Tolerance to opioids is a constant concern for prescribers as chronic use will eventually lead to the ineffectiveness of the opioid medication. Researchers once thought that the downregulation of opioid receptors lead to tolerance. However, new research has called this hypothesis into question. Disruptions in intracellular signaling and beta-arrestin-triggered internalization of opioid receptors are currently believed to be the mechanisms leading to tolerance. 

What is Opioid Use Disorder? 

According to the DSM-V, substance use disorder or opioid use disorder are the preferred terms for individuals with dependence or addiction to opioids. The diagnosis of an opioid use disorder requires at least two of the following to be present within a 12-month period. 

  • Using opioids in larger amounts or over a longer period than was intended 
  • A persistent desire or unsuccessful efforts to cut down or control opioid use 
  • Spend a great deal of time trying to obtain opioids, use opioids, and/or recover from their effects 
  • Craving or strong urges to use opioids 
  • Failure to fulfill major role obligations at work, school, or home due to opioid use 
  • Continued social or interpersonal problems caused or exacerbated by the effects of opioids 
  • Avoiding or skipping important social, occupational, or recreational activities to use opioids 
  • Recurrent opioid use despite physically hazardous effects on the body 
  • Continued opioid use despite knowledge of physical or psychological problems caused or exacerbated by the substance 
  • Exhibits tolerance 
  • Exhibits withdrawal 

Treatment of opioid abuse disorder 

The initiation of treatment for opioid abuse disorders can reduce the risk of overdoses and overall mortality rates. The FDA has approved three medications for the treatment of opioid abuse disorder. These include methadone, buprenorphine, and naltrexone.  


  • Mu receptor agonist  
  • Reduces carvings and blunts the effects of opioids 
  • Dispensed from a certified treatment program 


  • Partial mu receptor agonist 
  • Suppresses cravings and safer treatment options as respiratory depression has a ceiling effect 
  • Improved safety profile allows prescriptions and avoids daily trips to treatment centers 


  • Mu receptor antagonist 
  • Blocks euphoric and sedative effects of opioids 
  • Caution can precipitate an acute withdraw 

In addition to medication management, physicians should offer and refer patients for psychosocial treatment and behavioral therapy.  

It is important to identify co-existing substance use disorders and patients actively using other substances. These patients often require more support. 

Clinicians should prescribe all patients naloxone. They should also ensure that friends and family of the patient receive training on the proper administration in suspected overdoses. 

Treatment of opioid overdose 

Two FDA-approved medications are available for the treatment of acute overdose, naloxone and nalmefene. Administering these medications can reverse respiratory depression and sedation in the setting of an opioid overdose. However, use caution when administering these medications to help reduce the risk of acute withdrawal.  

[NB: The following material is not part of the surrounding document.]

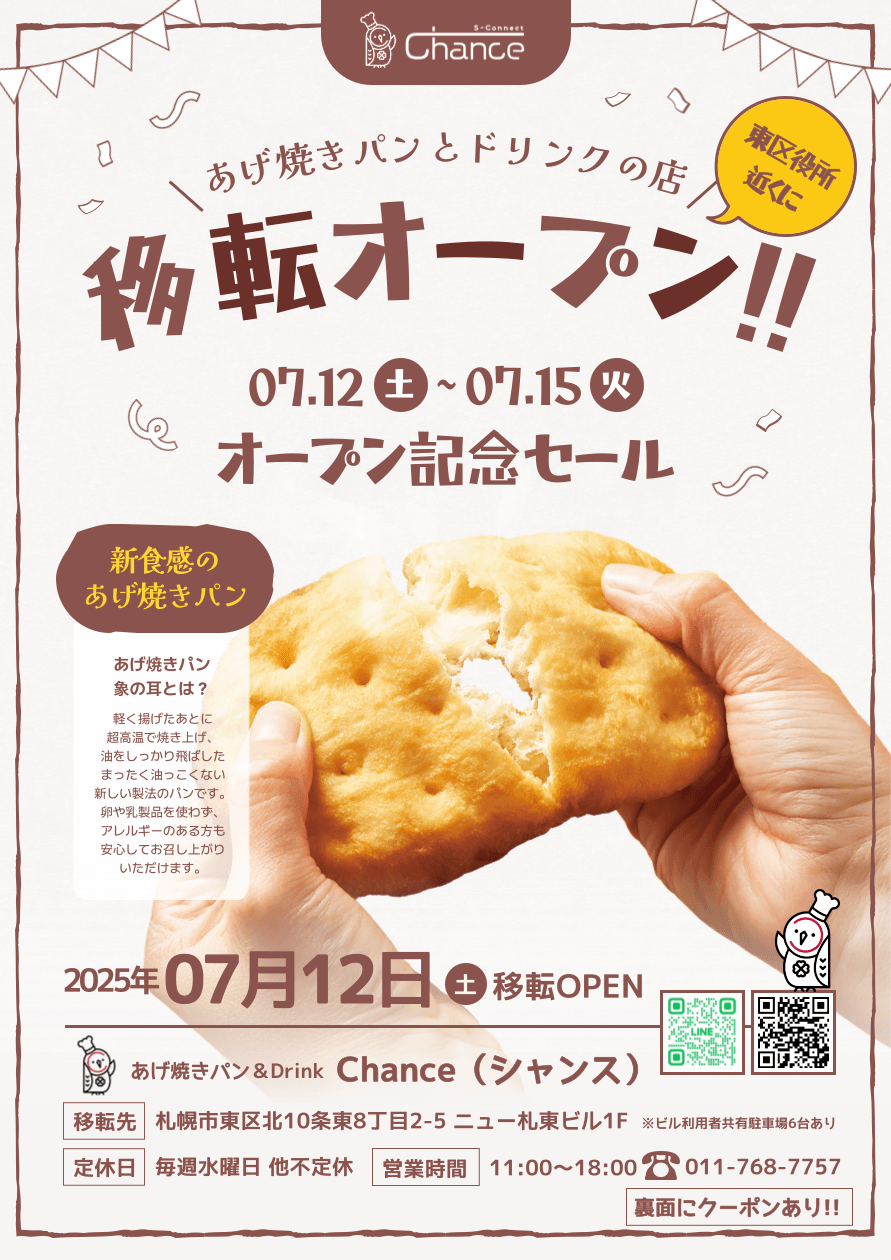 まったく油っこくない新しい製法が特徴のあげ焼きパン「象の耳」特約店『Chance』(読み:シャンス、所在地:北海道札幌市東区、代表:佐々木 博道)は、地域の皆さまにご愛顧いただいてきた店舗を移転し、札幌市・東区役所近くへ2025年7月12日(土)に移転オープンいたします。

Naloxone is available in an intranasal spray and intramuscular, subcutaneous, and intravenous injections. Because of the relatively short half-life of naloxone, overdoses secondary to long-acting opioids such as methadone may require secondary doses.  

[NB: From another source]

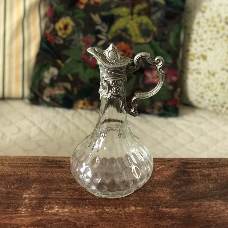 Dimensions : hauteur totale de 27 cm, diamètre maximal de 15 cm. A noter, la partie en étain n'est plus totalement fixée sur le col, donc à manipuler avec précaution.

Nalmefene is a longer-acting antagonist available in an intranasal spray. The longer half-life of this medication can provide more lasting reversal effects. However, this medication can increase risk of prolonged acute withdrawal. 

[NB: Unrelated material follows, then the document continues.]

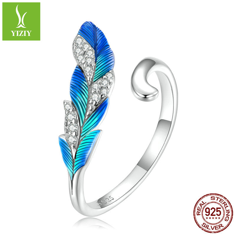 Wholesale S925 Sterling Silver Dazzling Blue Feather Earrings Ring
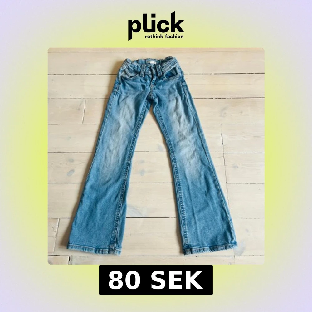 Snygga ljusblå jeans från Gina Tricot i klassisk bootcut-modell. Jeansen har fem fickor, hällor för bälte och dragkedja med knapp. Tillverkade i mjuk bomullsdenim med lätt tvättad look och kontrastsömmar.

Physicians have a responsibility to ensure opioids are prescribed for legitimate medical purposes and are actively monitored for abuse and diversion. Maximizing nonpharmacologic and non-narcotic treatments should be the first line in treating pain unrelated to cancer pain and end-of-life treatment. Using the lowest dose possible for the shortest duration needed is important to reducing the risk of developing dependence and addiction.